We turn to the third issue whether a court, in a capital case, may exclude details of a defendants employment as irrelevant. The Eighth and Fourteenth Amendments require that the sentencer in a capital case not be precluded from considering any relevant mitigating evidence, that is, evidence regarding any aspect of a defendants character or record and any of the circumstances of the offense that the defendant proffers as a basis for a sentence less than death. (Frye, supra, 18 Cal.4th at p. 1015.) Nonetheless, the trial court still determines relevancy in the first instance and retains discretion to exclude evidence whose probative value is substantially outweighed by the probability that its admission will create substantial danger of confusing the issues or misleading the jury. (People v. Williams (2006) 40 Cal.4th 287, 320; see Romano v. Oklahoma (1994) 512 U.S. 1, 12 [The Eighth Amendment does not establish a federal code of evidence to supersede state evidentiary rules in capital sentencing proceedings]; Lockett v. Ohio (1978) 438 U.S. 586, 604, fn. 12 [Nothing in this opinion limits the traditional authority of a court to exclude, as irrelevant, evidence not bearing on the defendants character, prior record, or the circumstances of his offense].) The meaning of relevance is no different in the context of mitigating evidence introduced in a capital sentencing proceeding from what it is in any other context. (McKoy v. North Carolina (1990) 494 U.S. 433, 440.) Thus, [r]elevant mitigating evidence is evidence which tends logically to prove or disprove some fact or circumstance which a fact-finder could reasonably deem to have mitigating value. (Ibid.; see Evid. Code, 210.)

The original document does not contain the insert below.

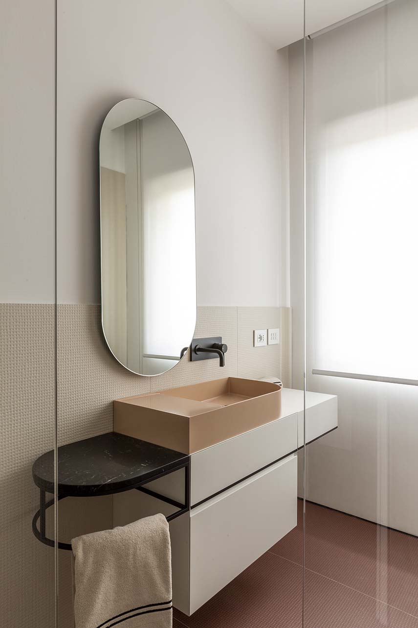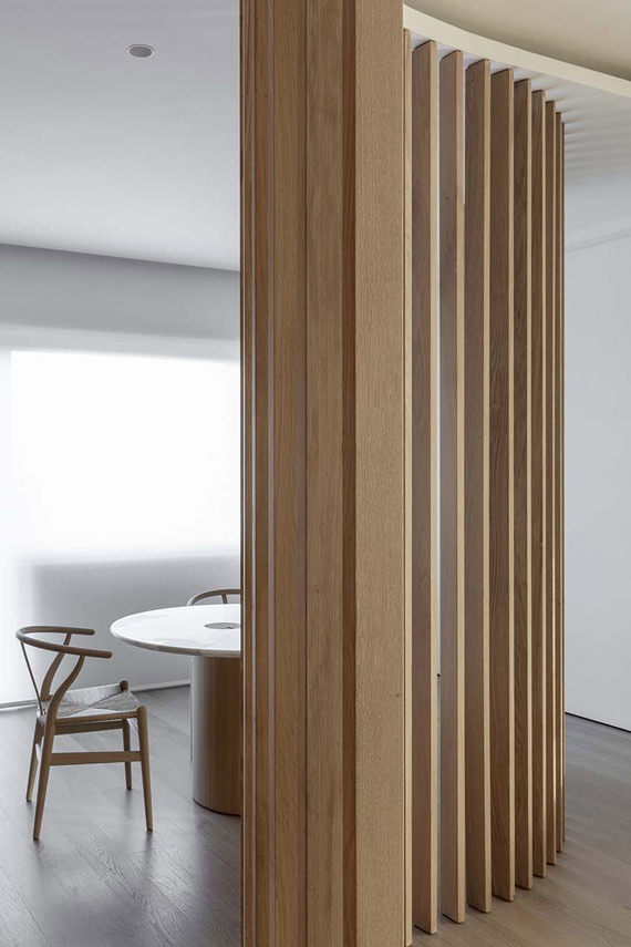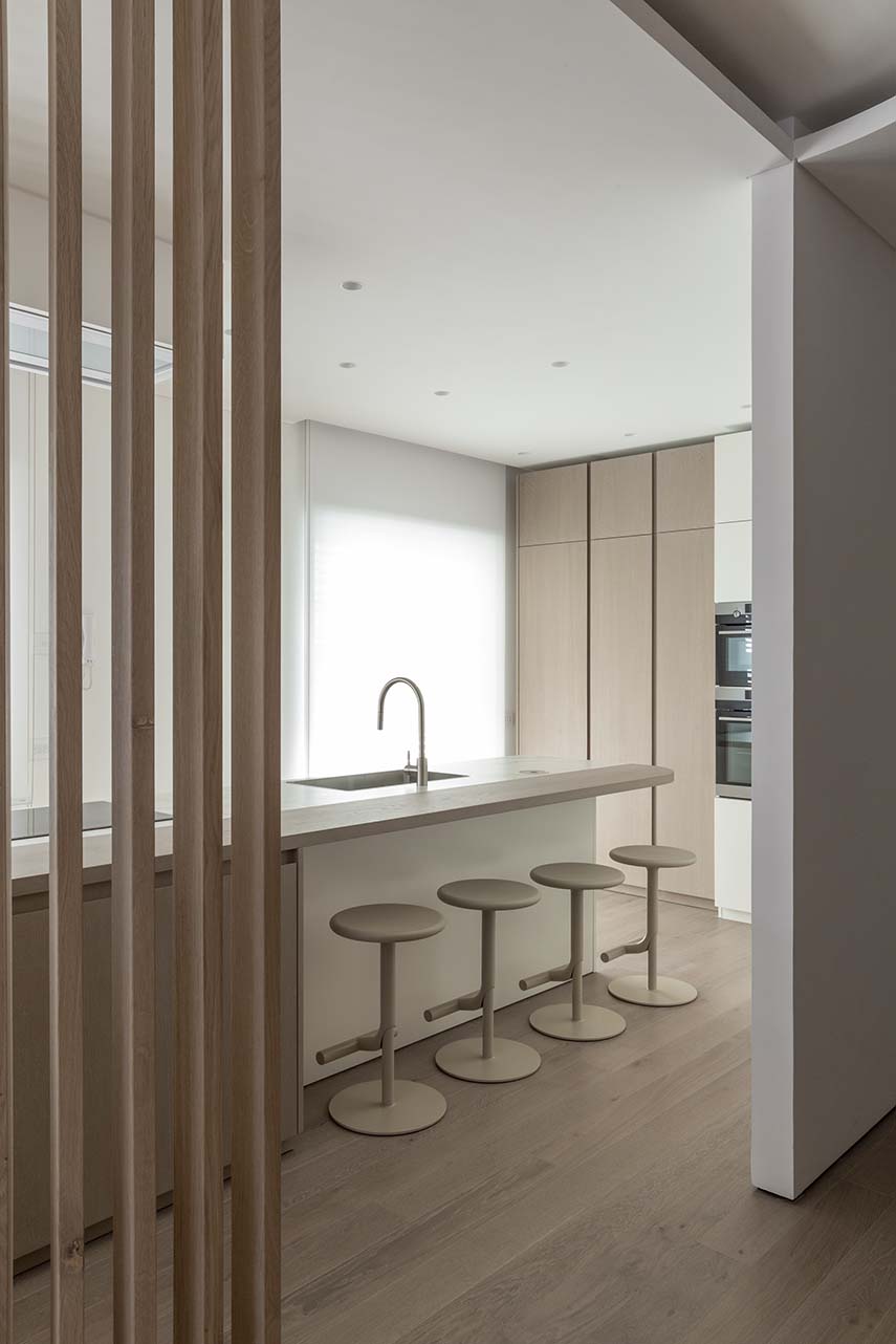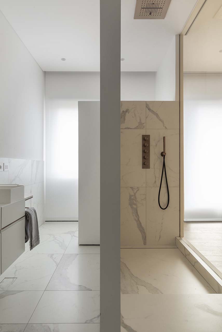 Architect Filippo Bombace's studio designs the interiors of Straight Curve House following the external layout and using it to define the internal partitions and all the furnishing elements. The atmosphere of the house is completed with the material and chromatic identification of the intervention based on the contrast between white walls and the widespread use of oak wood, with some inserts in calacatta marble

Defendant contends that the trial courts repeated relevancy rulings favoring the prosecution were nothing more than a subterfuge, and that the courts implicit goal was to avoid having to rule on an assertion of a national security privilege. He also contends Evidence Code section 352, upon which the court relied in several of its rulings, was inapplicable because the information sought was not prejudicial, and would have taken little time to present.
We first consider the rulings made during defendants testimony. Defendant testified only at the guilt phase. Thus the challenged trial court rulings regarding his testimony are examined not in the context of his attempt to adduce penalty phase mitigating evidence, as defendant contends, but rather as evidence proffered in defense of the charged offenses. Defendants testimony regarding his work assignments was relevant to counter the implication that he left his assigned work area in order to stalk Black. Therefore, evidence establishing that he was assigned to work in areas where Black was assigned was relevant, but the precise project upon which defendant was working, or a more detailed description of the equipment used, was not. Similarly, evidence indicating that defendant felt entitled to invade the privacy of others because of his military and ESL experience arguably was relevant to his state of mind, but the content of the classified information that he helped gather was not. The courts rulings concerning relevance and the exclusion of evidence under Evidence Code section 352 were well within the courts broad discretion and do not demonstrate, contrary to defendants assertion, that the trial court was acting in concert with the prosecution and the United States Attorneys office . . . to ensure that the basis for the exclusion was not national security.
With respect to the signaling system set up between the prosecutor and Ball, defendant contends that the state actively collaborat[ed] with the federal government to withhold mitigating evidence from the jury. He claims the signaling system deprived him of his Sixth, Eighth, and Fourteenth Amendment rights, because it masked the true basis for the objections, that is, national security, and thereby denied him the opportunity to seek meaningful appellate review of the real basis for the exclusion of this critical evidence. Once again, these events occurred during the guilt phase, at a time when defendant was not proffering mitigating evidence. In addition, the record indicates the signals did not lead to any objections; rather, the prosecutor was objecting or preparing to object when the signals were received.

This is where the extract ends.